Am Übergang vom Hauptschiff zum Chorraum macht das Bild des himmlischen Jerusalem die Vollendung sichtbar, die Gott verheißen hat. Sie wirft ihr Licht auf alle, die sich in der irdischen Kirche versammeln, um ihren Glauben zu bekennen und von ihrer Hoffnung zu singen. An den Seiten des Chorbogens stehen der heilige Benedikt und die heilige Scholastika und leiten die Prozession heiliger Männer und Frauen in der obersten Zone der Seitenwände des Schiffs. Szenen aus dem Leben der heiligen Hildegard sowie Bilder fünf weiterer heiliger Benediktinerinnen im Haupt- und Seitenschiff stellen allen, die die Kirche besuchen, die Gemeinschaft der Heiligen vor Augen. Alt- und neutestamentliche Szenen im mittleren Register der Seitenwände münden in die Darstellung der Lebensgemeinschaft zwischen Christus und seiner Kirche in den Symbolen Braut und Bräutigam, Hirt und Herde, Weinstock und Rebe.

Aus Anlass des 100. Jahrestags der Weihe ihrer Klosterkirche zeigen die Benediktinerinnen eine Ausstellung, die der Ausmalung der Abteikirche, aber auch der Geschichte der Beuroner Kunstschule und der Baugeschichte der Abtei gewidmet ist. Am 6. September beginnen die Feierlichkeiten mit einer Pontifikalvesper in der Abteikirche. Dem Pontifikalamt am Sonntag steht der Limburger Bischof Franz-Peter Tebartz-van Elst vor; an diesen Gottesdienst schließt sich ein Empfang im Klosterhof an. Nach einem Vortrag mit Bildern „100 Jahre Abtei St. Hildegard – ein Rückblick anlässlich des Kirchweihjubiläums“ feiern die Nonnen zusammen mit den Besuchern und Gästen die Mittagshore.

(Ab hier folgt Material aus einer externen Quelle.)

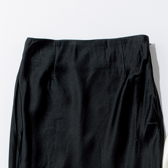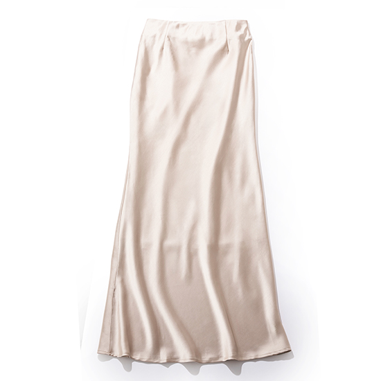 綺麗なマーメイドラインを描くサテンマキシスカート

In seiner Mönchsregel sieht der heilige Benedikt von Nursia ein Oratorium vor, das ausschließlich dem Stundengebet der Gemeinschaft wie dem spontanen Gebet der Einzelnen dienen soll. Dabei ist er durchaus davon überzeugt, dass Gott sich nicht auf einen bestimmten Raum eingrenzen lässt und dass alle Ereignisse und Situationen des Lebens Anlass und Einladung zum Gebet werden können. Doch beim gemeinsamen Stehen vor Gott in der Liturgie verdichtet sich für ihn die Nähe Gottes: „Überall ist Gott gegenwärtig, so glauben wir ... Das wollen wir ohne jeden Zweifel ganz besonders dann glauben, wenn wir Gottesdienst feiern“ (Benediktusregel 19, 1–2). Auch hundert Jahre nach der Weihe ihrer Abteikirche bleibt das Gotteslob „Gipfel und Quelle“ für das Leben und den vielfältigen Dienst der 55 Schwestern, die heute zur Abtei St. Hildegard gehören.